Significant outcomes
-
∙ Future trials need to address various methodological and clinical considerations based on the ‘participants, interventions, comparisons, outcomes, and study designs (PICOS)’ criteria in order to advance further our understanding on the antidepressant impact of exercise for clinically depressed adults.
Limitations
-
∙ This is a selective critical review. Thus it is prone to bias as it ranks moderate in the evidence hierarchy.
Introduction
A growing corpus of evidence provides substantial evidence that exercise is an efficacious treatment modality for mild to moderate depression (1–Reference Craft and Landers7). Previous high-profile reviews (Reference Cooney, Dwan and Greig8,Reference Lawlor and Hopker9), however, have cast doubt on the strength of the supporting evidence, highlighting methodological weaknesses in most of the reviewed randomised controlled trials (RCTs). For example, according to the latest edition of a Cochrane review (Reference Cooney, Dwan and Greig8), ‘analysis of methodologically robust trials only shows a smaller effect in favour of exercise’. A recent critique of the methodological details of this review, however, raised serious doubts about this conclusion due, among other reasons, to problematic inclusion and exclusion criteria upon which trials were selected for the Cochrane review (Reference Ekkekakis10). It is, thus, conceivable that the antidepressant efficacy of exercise might have been underestimated (Reference Schuch, Vancampfort, Richards, Rosenbaum, Ward and Stubbs5,Reference Ekkekakis10), doing a disservice to patients, and highlighting the central importance of sound methodological decisions in yielding accurate estimates of magnitude of the exercise efficacy as a treatment for depression (Reference Schuch and de Almeida Fleck11).

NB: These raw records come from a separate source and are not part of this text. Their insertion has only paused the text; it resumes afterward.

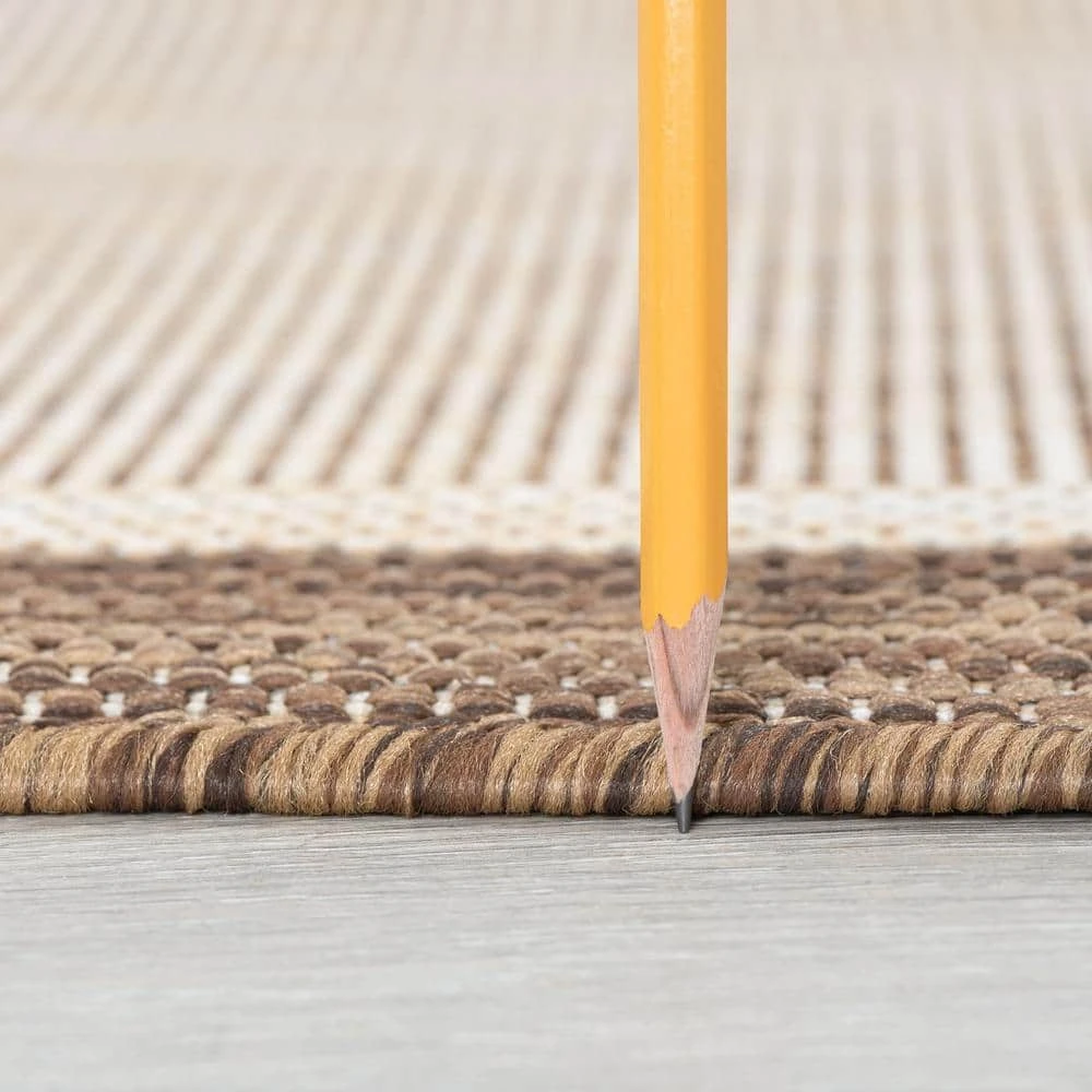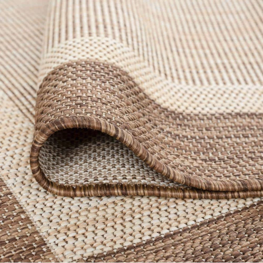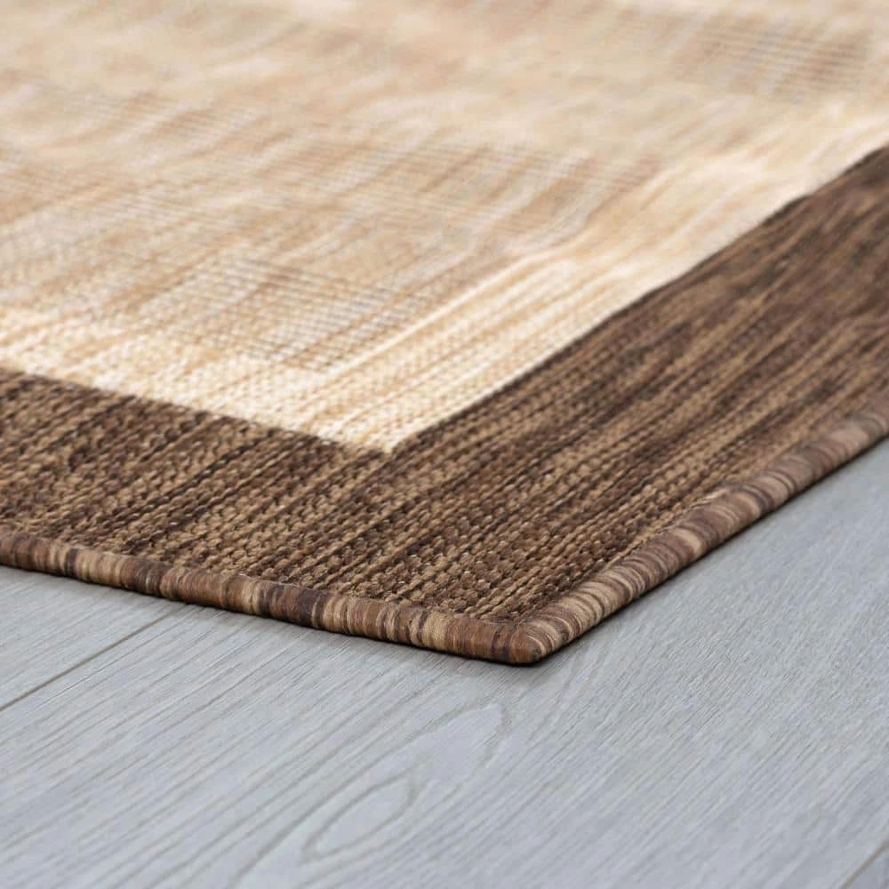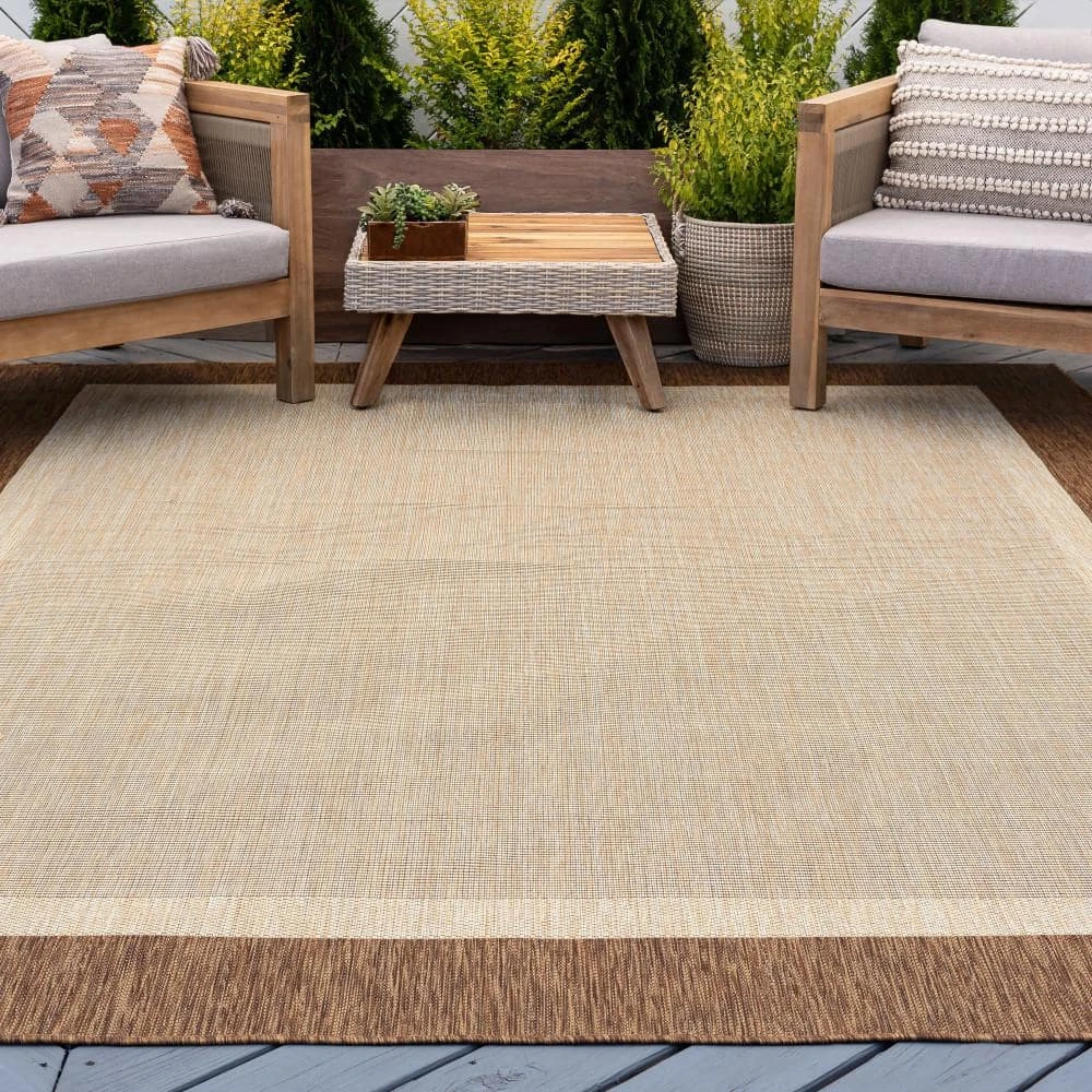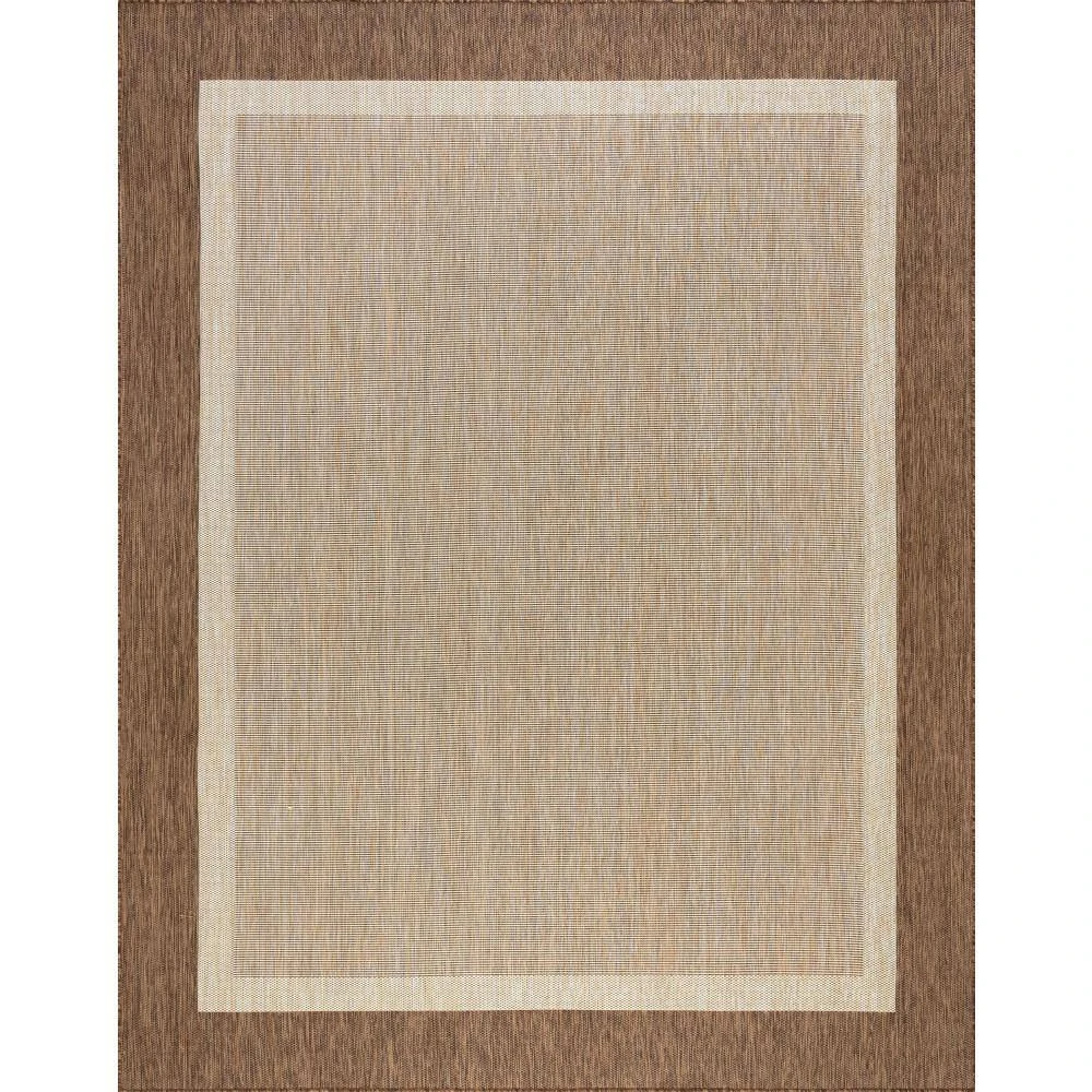 Simplify your life with this solid border indoor outdoor endurance area rug. No fuss styling is at home in any space. Treated fibers resist staining and fading, this rug is built to perform.
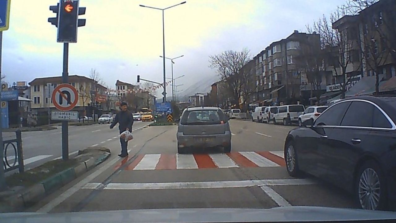 Bu sırada 16 BJP plakalı otomobil, sola dönüş yapacakmış gibi dönüş şeridine girdi. Ancak sola dönüşten vazgeçen sürücü şerit değiştirip yoluna devam etmek istedi. Manevra sırasında geçitteki yayanın canını hiçe sayan sürücü tehlike yaşattı. Muhtemel bir kazanın son anda önlendiği olay, trafik kurallarının ihlal edilmesinin doğurabileceği ciddi sonuçları bir kez daha gözler önüne serdi. O anlar da bir otomobilin araç kamerasına yansıdı.
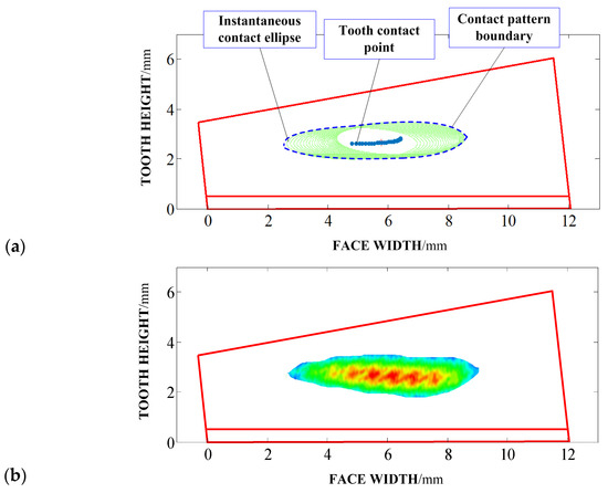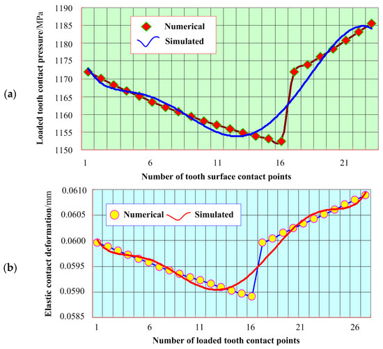 In the past few decades, in order to acquire high-loaded meshing transmission performances, many researchers have proposed many methods for complex loaded contact behavior analysis [8,9,10,11]. Gleason Works [12] first applied a prescribed parabolic transmission error curve to improve the contact motion path. Litvin [13] developed an accurate geometric tooth flank model of a spiral bevel gear with the applications of the differential geometry method and gearing theory, where the loaded contact stress and root bending stress were determined. Wink and Serpa [14] proposed an accurate composite deformation determination of the whole contact flank. The sum of deformation caused by the load at each point was calculated to determine the loaded transmission error. Wu and Tsai [15] developed loaded contact pressure distribution, which was always one of the important standards for loaded meshing transmission performances. Kolivand and Kahraman [16] proposed a prediction approach to the loaded contact pattern and time-varying meshing stiffness. However, the loaded tooth surface contact problem has not been effectively dealt with since loaded contact stresses underneath the tooth surface have not been taken into account.
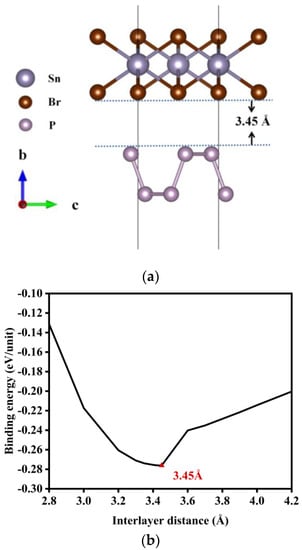 where , and represent the total energy of the heterojunction, phosphorene and SnBr2 monolayer, respectively. n indicates the number of P in the unit cell in the heterojunction, and a smaller binding energy indicates a more stable material structure. To ensure that the P/SnBr2 heterojunction had the lowest binding energy, we gradually increased the layer spacing from 2.8 Å to 4.2 Å and calculated their corresponding binding energies separately to obtain the relationship between the binding energy and the layer spacing, as shown in Figure 1b. It can be seen from Figure 1b that the binding energy of the heterojunction system was the lowest at the layer spacing of 3.45 Å. Therefore, the layer spacing was taken as 3.45 Å when the structure was constructed, and this layer spacing was used in the subsequent electronic characteristic analysis in this paper.
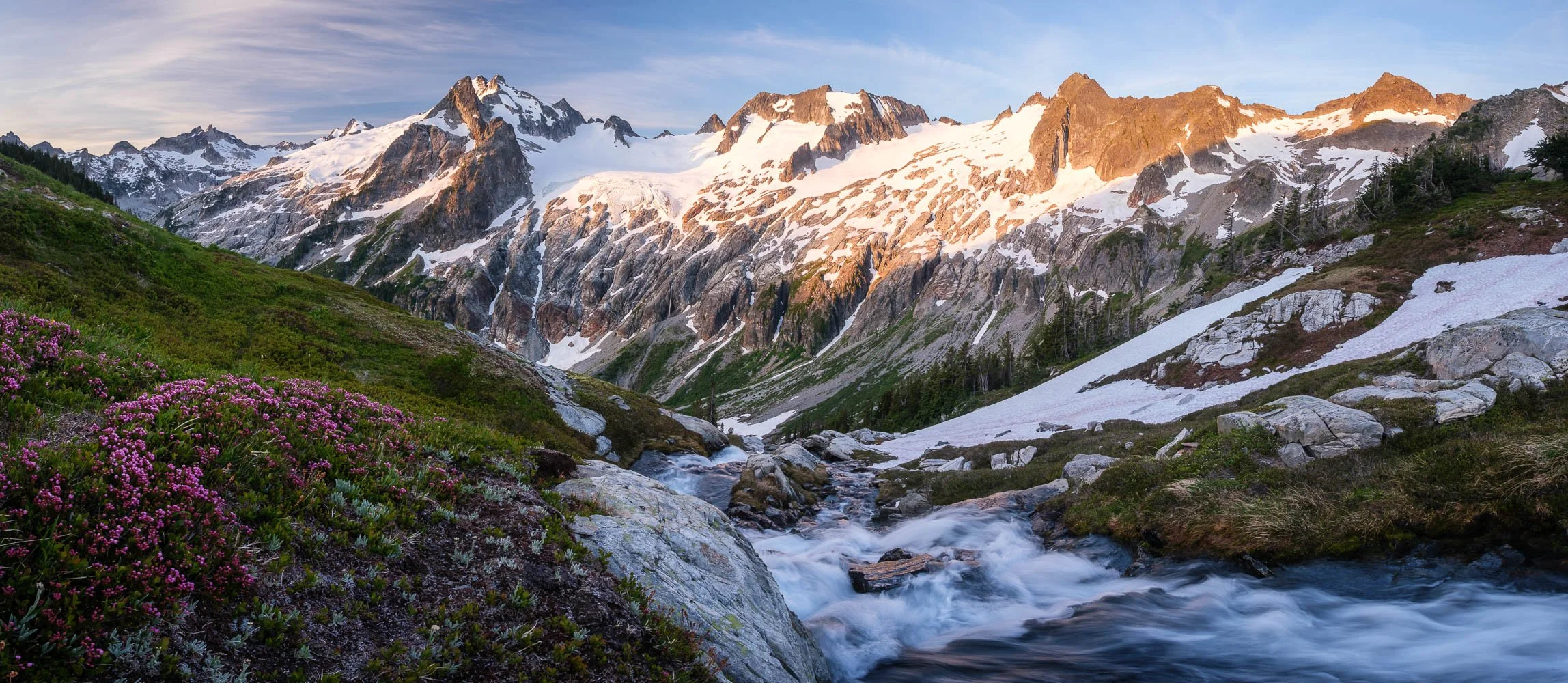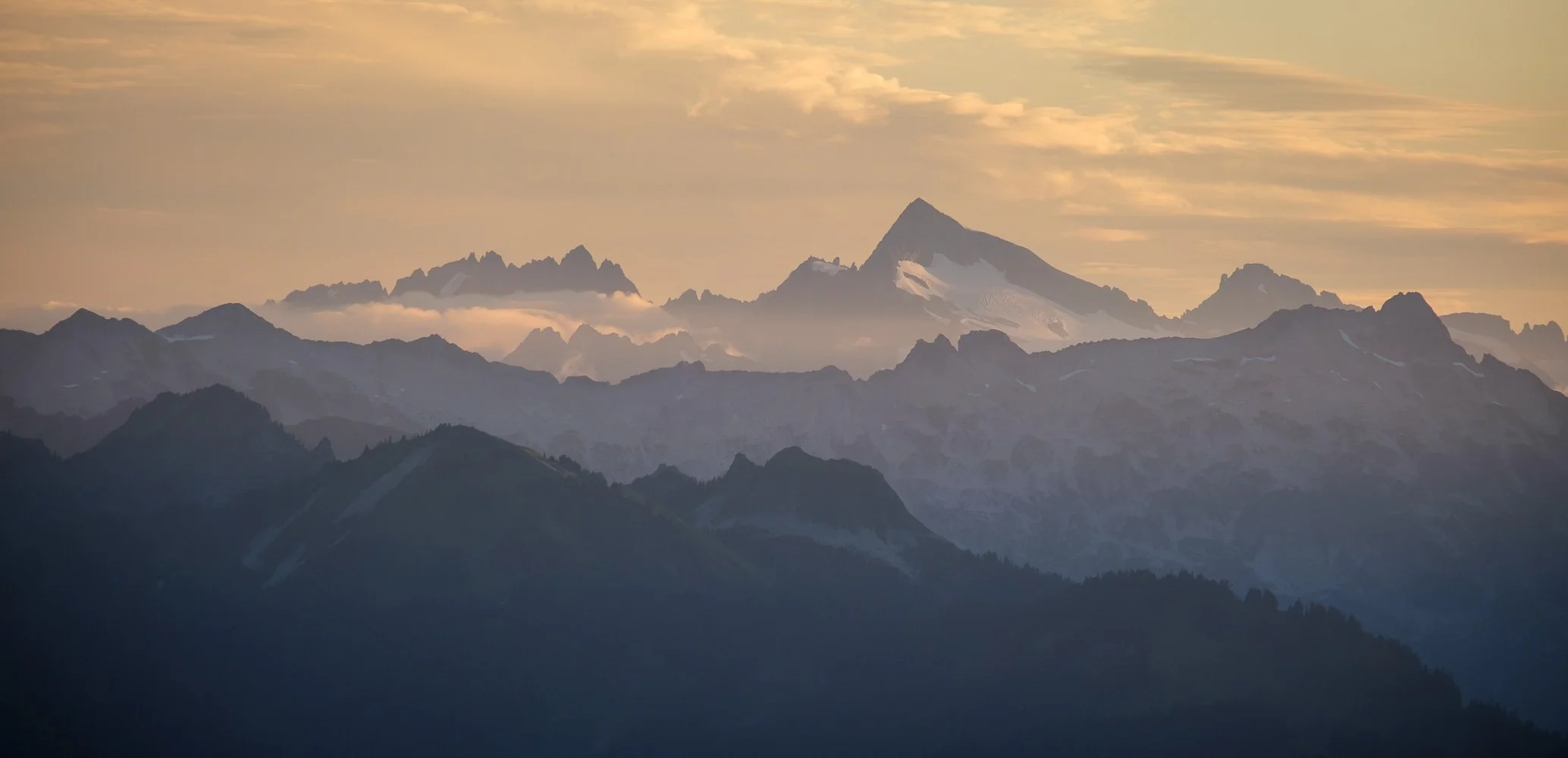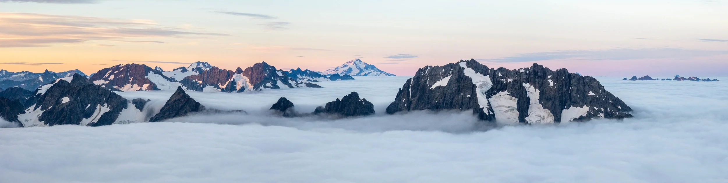 Morning panorama from the summit of Cosho. From L>R: Goode, Logan, Buckner, Sahale, Boston, and Forbidden.

In order to advance our understanding on the antidepressant impact of exercise and to help elucidate the reasons for the discrepant conclusions currently found in the literature, we conducted a selective critical review of relevant studies. For this purpose, we drew on the Preferred Reporting Items for Systematic Reviews and Meta-Analyses statement, focussing specifically on PICOS (Reference Liberati, Altman and Tetzlaff12). Although the PICOS criteria can have a crucial impact on the outcome of any trial, critical assessments of these important factors are scarce on the existing literature of exercise and depression.
Participants
The use of participants with homogenous symptoms and similar changes in response to exercise would reduce within-group variance and increase the effect size associated with exercise interventions. Depression, however, is a heterogeneous disorder (Reference Parker13,Reference Fried and Nesse14) comprising diverse symptomatology (e.g. psychomotor retardation or agitation, increased or decreased appetite, insomnia or hypersomnia). Hence, patients with similar scores on measures of depression may experience dissimilar symptoms (Reference Parker13,Reference Spanemberg, Caldieraro and Vares15,Reference Caldieraro, Baeza, Pinheiro, Ribeiro, Parker and Fleck16). This heterogeneity in symptoms may reflect differences in underlying neurobiological processes (Reference Parker13,Reference Spanemberg, Caldieraro and Vares15,Reference Caldieraro, Baeza, Pinheiro, Ribeiro, Parker and Fleck16), suggesting that the same exercise prescription may be less effective for some patients and more effective for others. The heterogeneity of depression also involves various biopsychosocial factors. For example, a recent review provided initial evidence that clinical (severity of somatic symptoms), biological [brain-derived neurotrophic factor, (BDNF) and tumour necrosis-α], psychological (self-esteem and life satisfaction), and social factors (support and marital status) may moderate the antidepressant effects of exercise (Reference Schuch, Dunn, Kanitz, Delevatti and Fleck17). Hence, developing a typology that would allow matching a depression ‘type’ to the most appropriate exercise prescription would both help advance research and facilitate clinical application.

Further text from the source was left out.